* _Task directions_
Output, exactly as written, the lines below starting at the line containing "ちなみに、洗面ボウル下の引き" and ending at the line containing "우리나라에서는 한국자동차전문기자협회(회장 하영선)가". Drop the pictures and keep both end lines.

* _Source material_
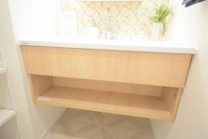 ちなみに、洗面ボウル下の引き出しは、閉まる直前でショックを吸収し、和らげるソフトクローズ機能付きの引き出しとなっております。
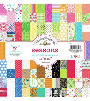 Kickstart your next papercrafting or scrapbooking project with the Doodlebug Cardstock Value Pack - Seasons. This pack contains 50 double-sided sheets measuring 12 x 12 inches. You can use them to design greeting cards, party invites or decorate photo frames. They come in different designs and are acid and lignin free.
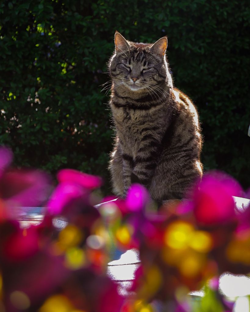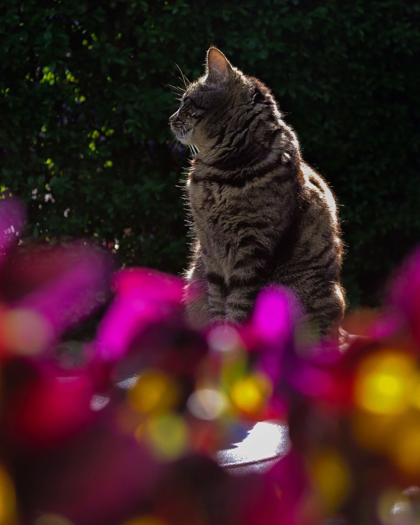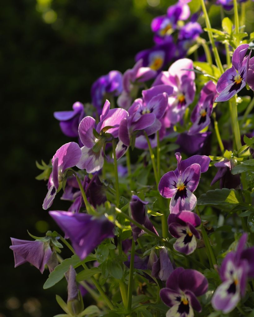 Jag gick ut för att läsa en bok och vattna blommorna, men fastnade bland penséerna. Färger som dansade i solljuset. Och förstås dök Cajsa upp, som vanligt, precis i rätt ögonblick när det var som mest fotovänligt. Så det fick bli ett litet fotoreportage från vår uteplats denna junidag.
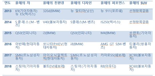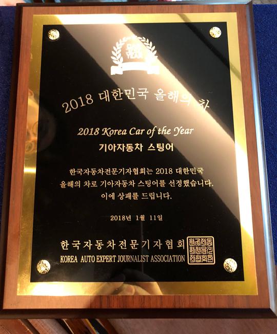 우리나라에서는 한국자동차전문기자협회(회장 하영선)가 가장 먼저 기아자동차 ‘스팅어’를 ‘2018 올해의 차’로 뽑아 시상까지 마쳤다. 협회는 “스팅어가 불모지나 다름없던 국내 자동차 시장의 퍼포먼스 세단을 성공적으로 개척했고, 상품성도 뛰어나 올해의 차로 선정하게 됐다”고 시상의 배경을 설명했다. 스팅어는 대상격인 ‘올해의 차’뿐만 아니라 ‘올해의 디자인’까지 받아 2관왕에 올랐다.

--

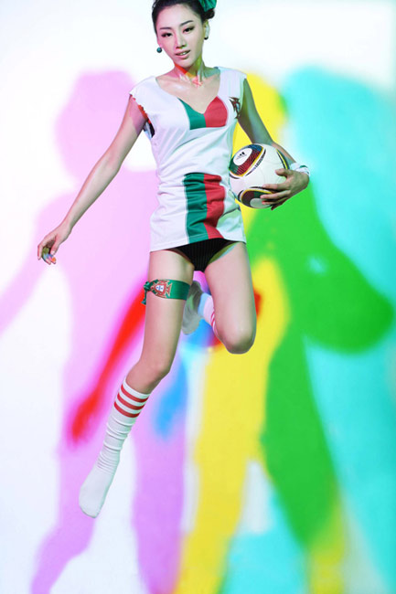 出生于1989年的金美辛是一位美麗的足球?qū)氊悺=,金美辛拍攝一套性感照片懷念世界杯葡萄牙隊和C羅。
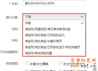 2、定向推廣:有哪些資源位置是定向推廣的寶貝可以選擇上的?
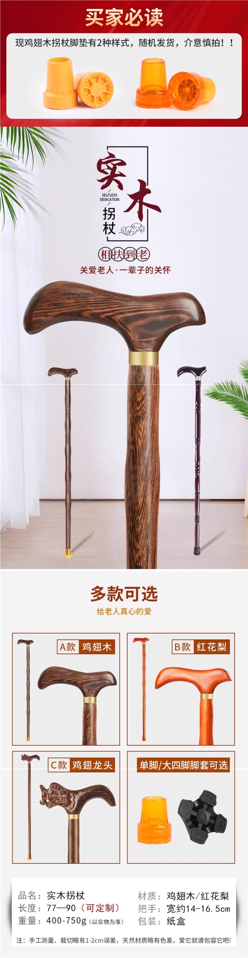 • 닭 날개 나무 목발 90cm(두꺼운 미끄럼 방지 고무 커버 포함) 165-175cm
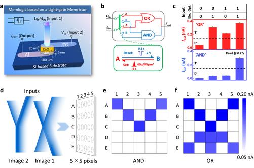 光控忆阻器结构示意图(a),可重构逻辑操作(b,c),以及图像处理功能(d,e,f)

...

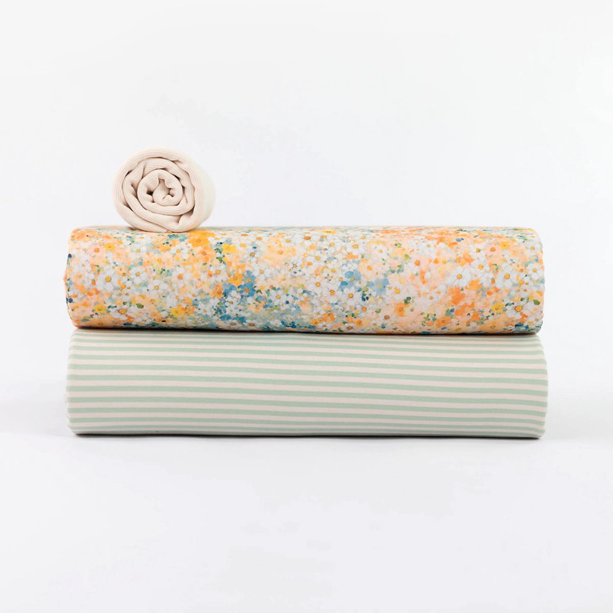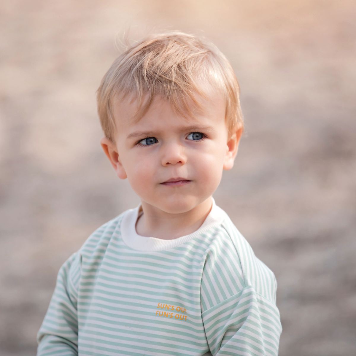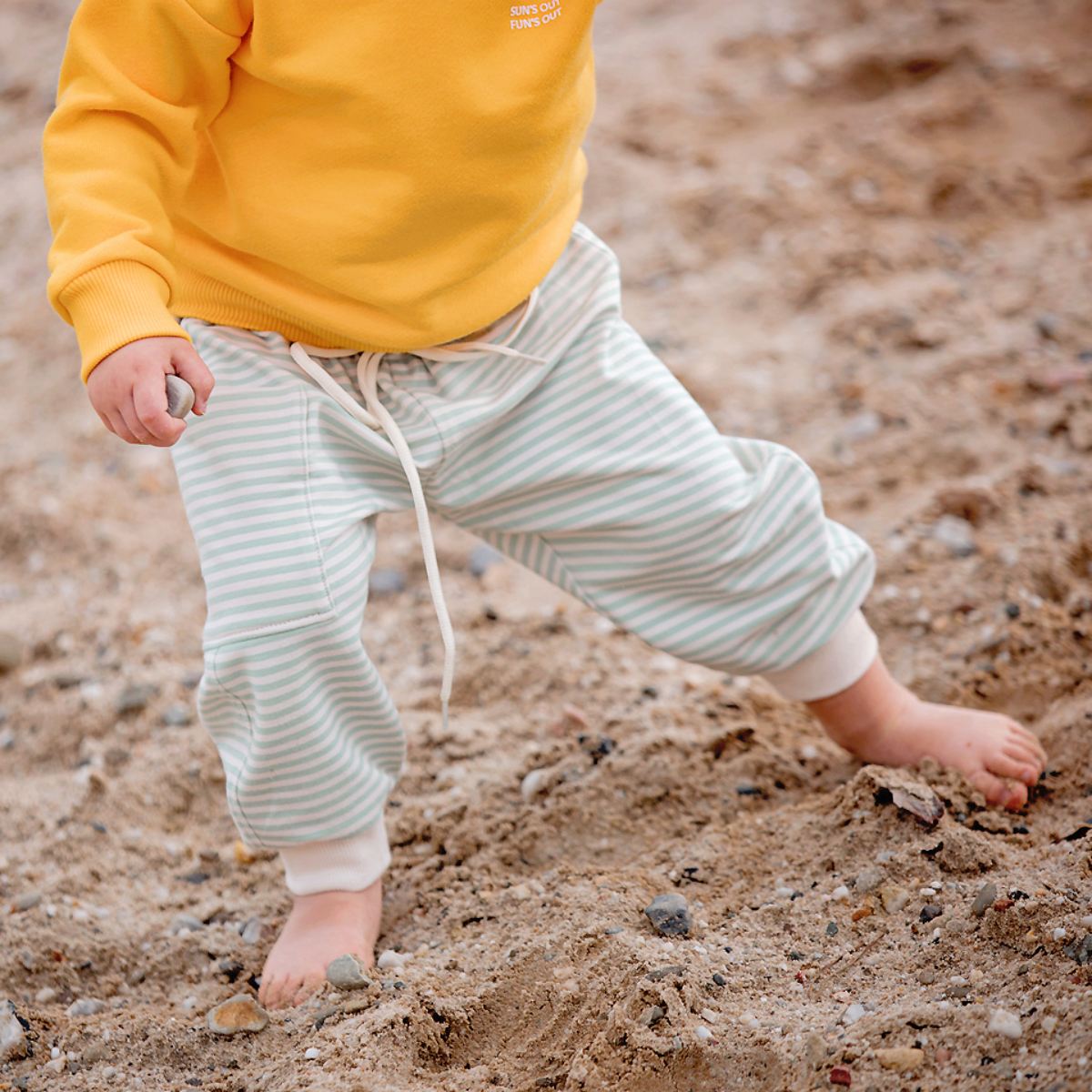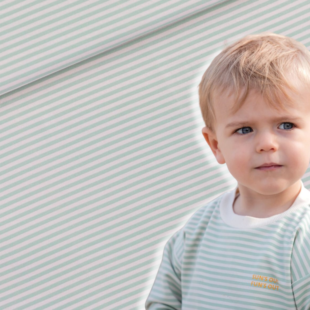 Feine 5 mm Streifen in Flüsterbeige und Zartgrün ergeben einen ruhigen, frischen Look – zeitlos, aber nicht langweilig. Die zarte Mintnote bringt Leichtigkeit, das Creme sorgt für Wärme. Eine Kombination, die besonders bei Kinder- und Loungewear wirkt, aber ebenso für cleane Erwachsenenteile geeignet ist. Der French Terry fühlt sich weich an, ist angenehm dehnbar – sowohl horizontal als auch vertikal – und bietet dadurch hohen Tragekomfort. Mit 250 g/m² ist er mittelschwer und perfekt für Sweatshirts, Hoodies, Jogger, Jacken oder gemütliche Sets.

* _Exercise result_
 ちなみに、洗面ボウル下の引き出しは、閉まる直前でショックを吸収し、和らげるソフトクローズ機能付きの引き出しとなっております。
 Kickstart your next papercrafting or scrapbooking project with the Doodlebug Cardstock Value Pack - Seasons. This pack contains 50 double-sided sheets measuring 12 x 12 inches. You can use them to design greeting cards, party invites or decorate photo frames. They come in different designs and are acid and lignin free.
 Jag gick ut för att läsa en bok och vattna blommorna, men fastnade bland penséerna. Färger som dansade i solljuset. Och förstås dök Cajsa upp, som vanligt, precis i rätt ögonblick när det var som mest fotovänligt. Så det fick bli ett litet fotoreportage från vår uteplats denna junidag.
 우리나라에서는 한국자동차전문기자협회(회장 하영선)가 가장 먼저 기아자동차 ‘스팅어’를 ‘2018 올해의 차’로 뽑아 시상까지 마쳤다. 협회는 “스팅어가 불모지나 다름없던 국내 자동차 시장의 퍼포먼스 세단을 성공적으로 개척했고, 상품성도 뛰어나 올해의 차로 선정하게 됐다”고 시상의 배경을 설명했다. 스팅어는 대상격인 ‘올해의 차’뿐만 아니라 ‘올해의 디자인’까지 받아 2관왕에 올랐다.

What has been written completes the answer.